Task item: Dropping every picture, set down exactly the lines in the entries below, starting with the line with "Bermuda denim shorts, featuring" and going on through the line with "Holding a traditional".

Provided entries:
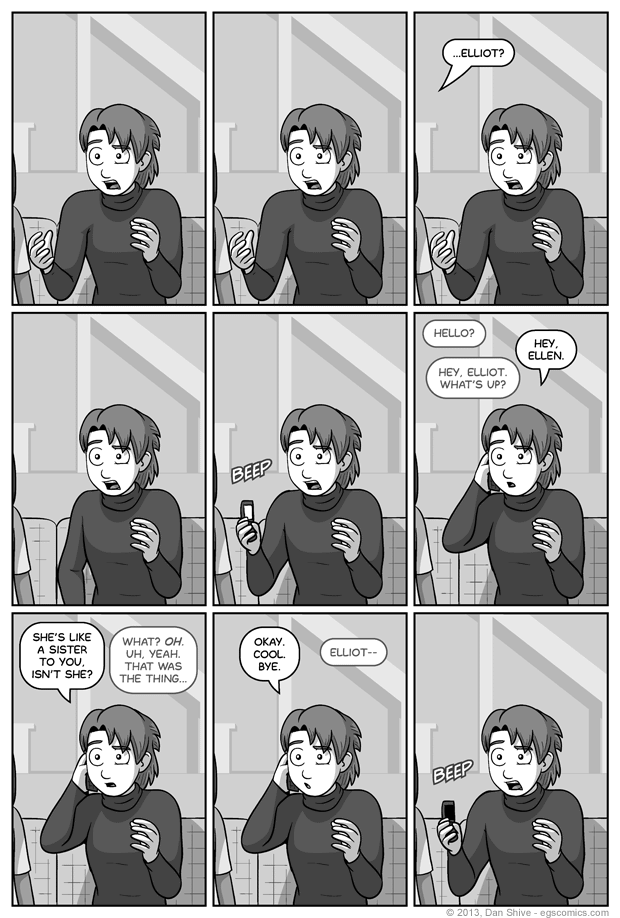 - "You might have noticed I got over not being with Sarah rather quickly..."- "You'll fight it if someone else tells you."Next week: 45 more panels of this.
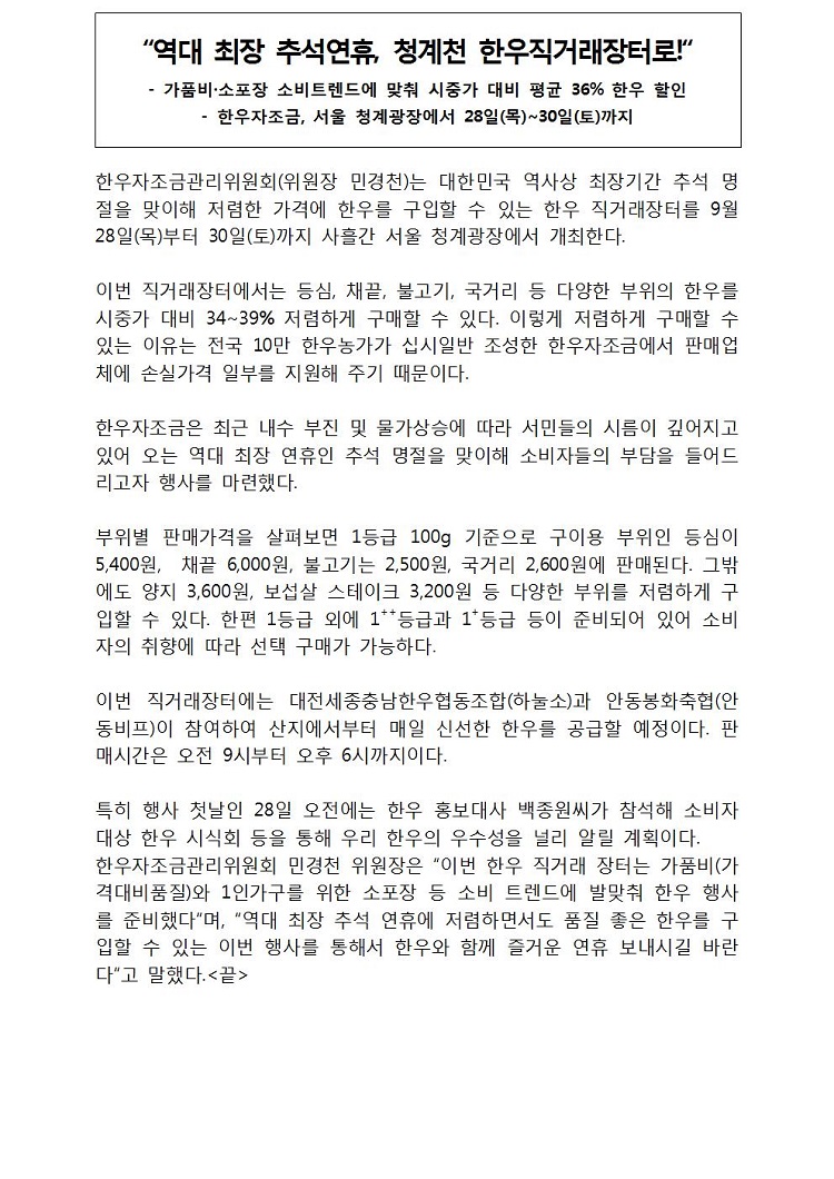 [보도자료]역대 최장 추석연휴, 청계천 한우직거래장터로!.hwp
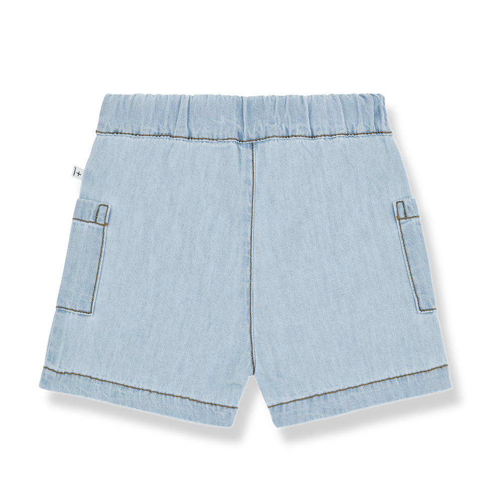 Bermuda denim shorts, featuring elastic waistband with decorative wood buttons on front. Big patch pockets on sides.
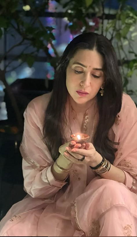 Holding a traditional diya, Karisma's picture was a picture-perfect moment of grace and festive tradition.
==
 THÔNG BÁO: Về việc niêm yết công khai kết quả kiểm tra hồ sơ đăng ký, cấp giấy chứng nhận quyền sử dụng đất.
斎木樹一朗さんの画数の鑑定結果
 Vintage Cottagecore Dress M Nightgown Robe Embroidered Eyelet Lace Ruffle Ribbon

Output for this task:
 Bermuda denim shorts, featuring elastic waistband with decorative wood buttons on front. Big patch pockets on sides.
 Holding a traditional diya, Karisma's picture was a picture-perfect moment of grace and festive tradition.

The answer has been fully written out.